Of the world's population in 1991 of 5384 million, it is estimated that 43 % live in urban areas (Population Reference Bureau, 1991). Current projections based on data assembled by the United Nations predict that one half of the world's population will be living in urban areas by the year 2005 (United Nations, 1989).

This trend is a continuation of more than several thousand years of urbanisation. However, in the past two centuries the rate of urbanisation has accelerated. Between 1800 and 2000, the world's urban population is expected to have increased 128-fold, yet the world's total population will have increased but 6.4-fold over the same period (Rogers & Williamson, 1982).

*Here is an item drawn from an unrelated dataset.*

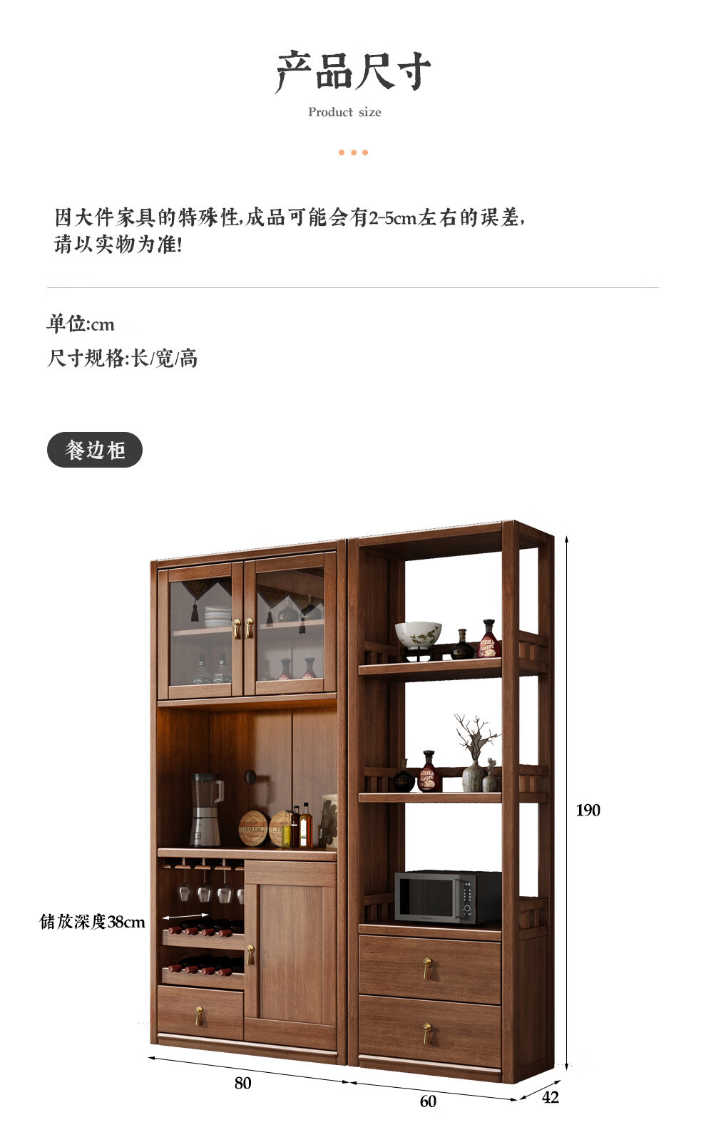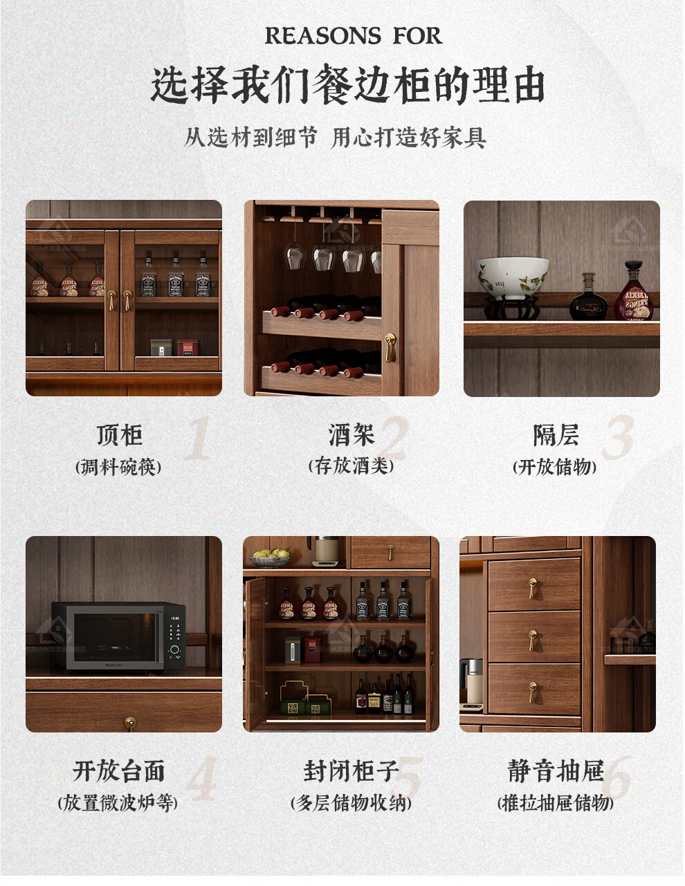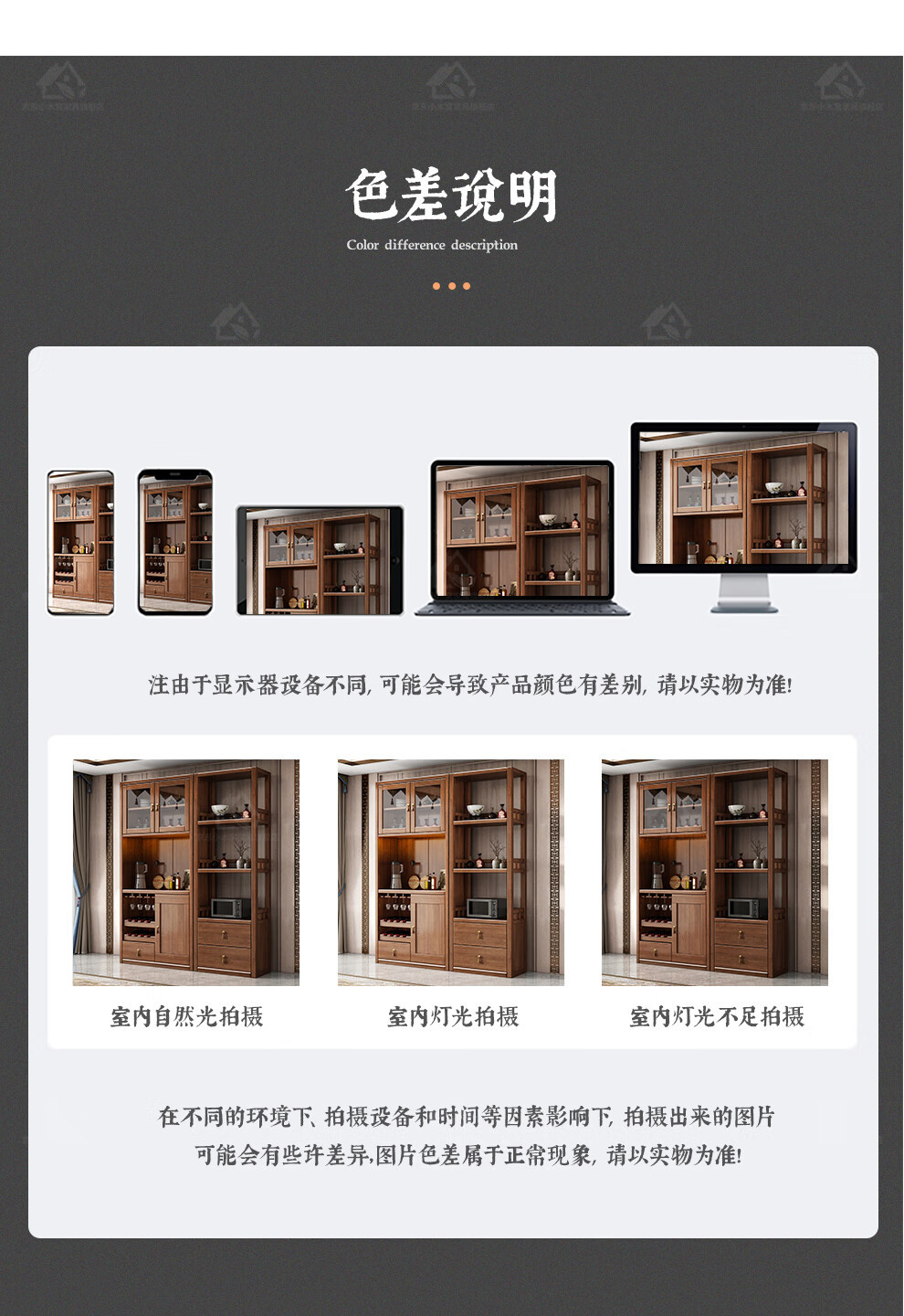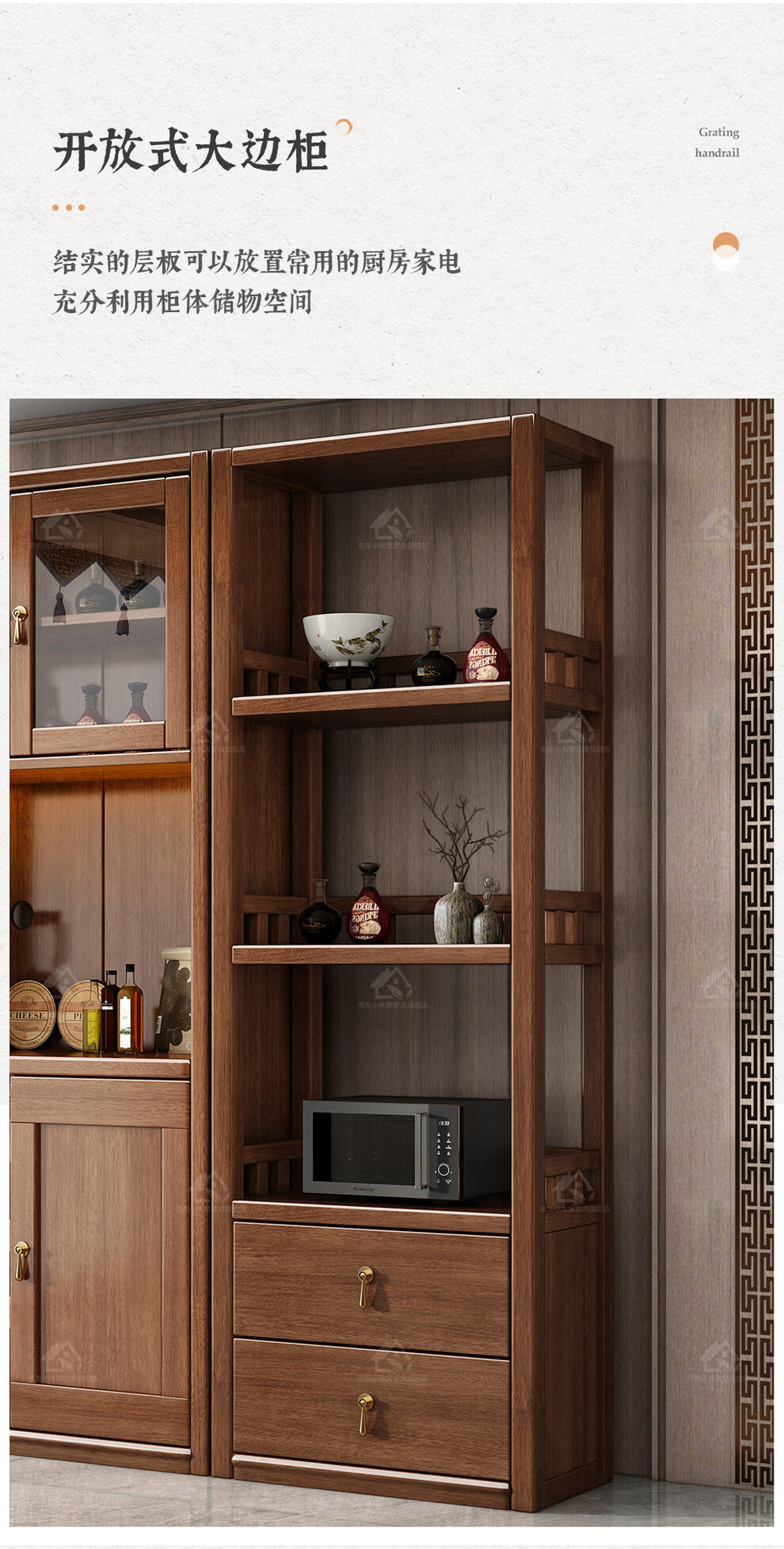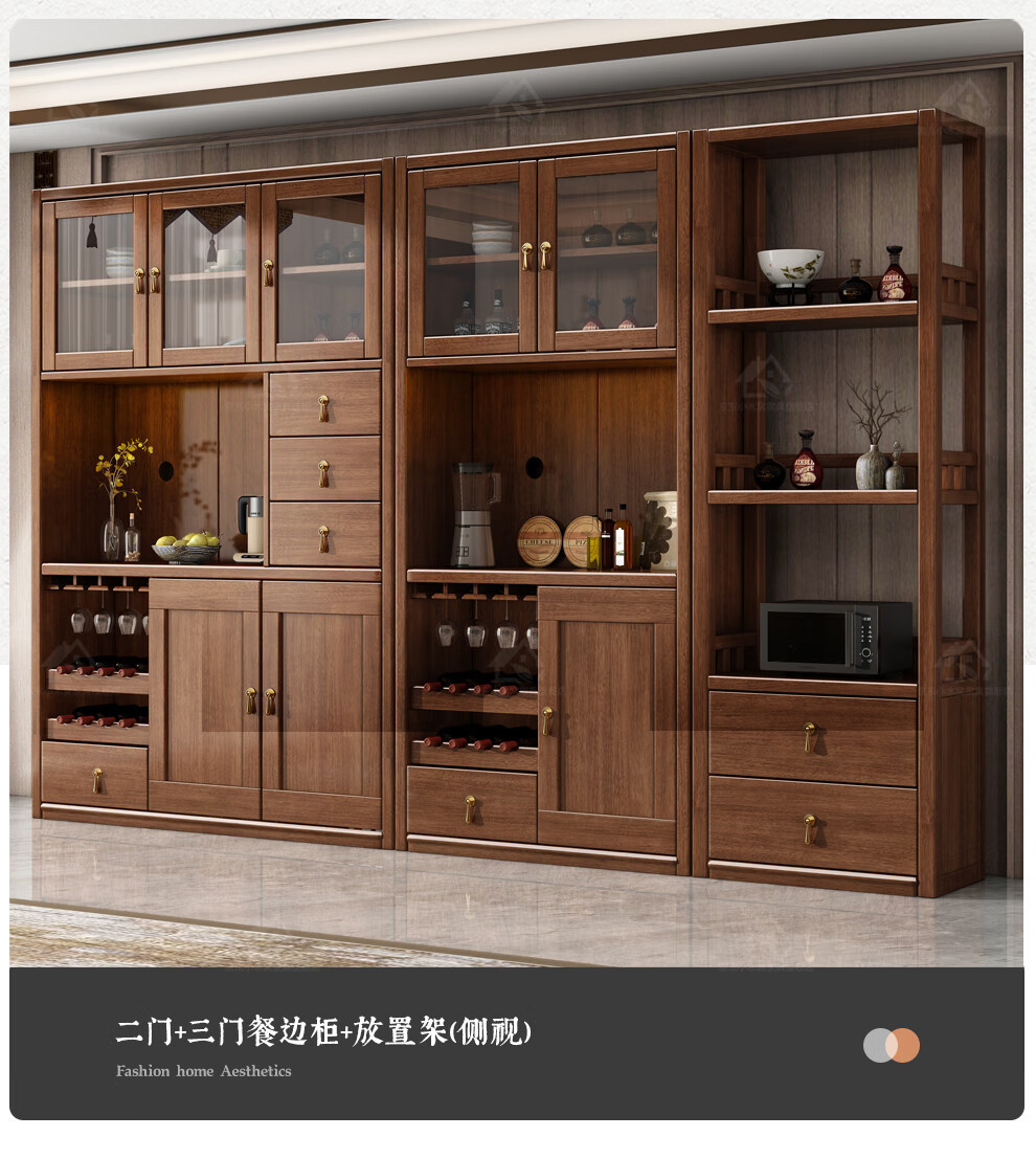中古风实木餐边柜黑胡桃木靠墙一体厨房橱柜客厅餐厅储物收纳酒柜

Urbanism is unequally distributed among the more and less developed nations. For more than ten years, the urban proportion of the population in developed nations has exceeded 70 % whereas among the less developed nations the percentage of urban residents has remained below 35 % (United Nations, 1989). Although the less developed nations are now less urban, their rate of urban growth is greater (Kurian, 1991). All of the eleven nation-states with the highest annual rates of urban population growth are classed as less developed nations: Sri Lanka, Zaire, Tanzania, Bangladesh, Oman, Yemen (North), Cameroon, Niger, Ivory Coast, Libya and Rwanda (Kurian, 1991). According to United Nations projections (medium variant model; 1989), by the year 2015, fully half of the population in the less developed nations will reside in urban areas, and these nations will have an urban population more than three times that of the more developed nations.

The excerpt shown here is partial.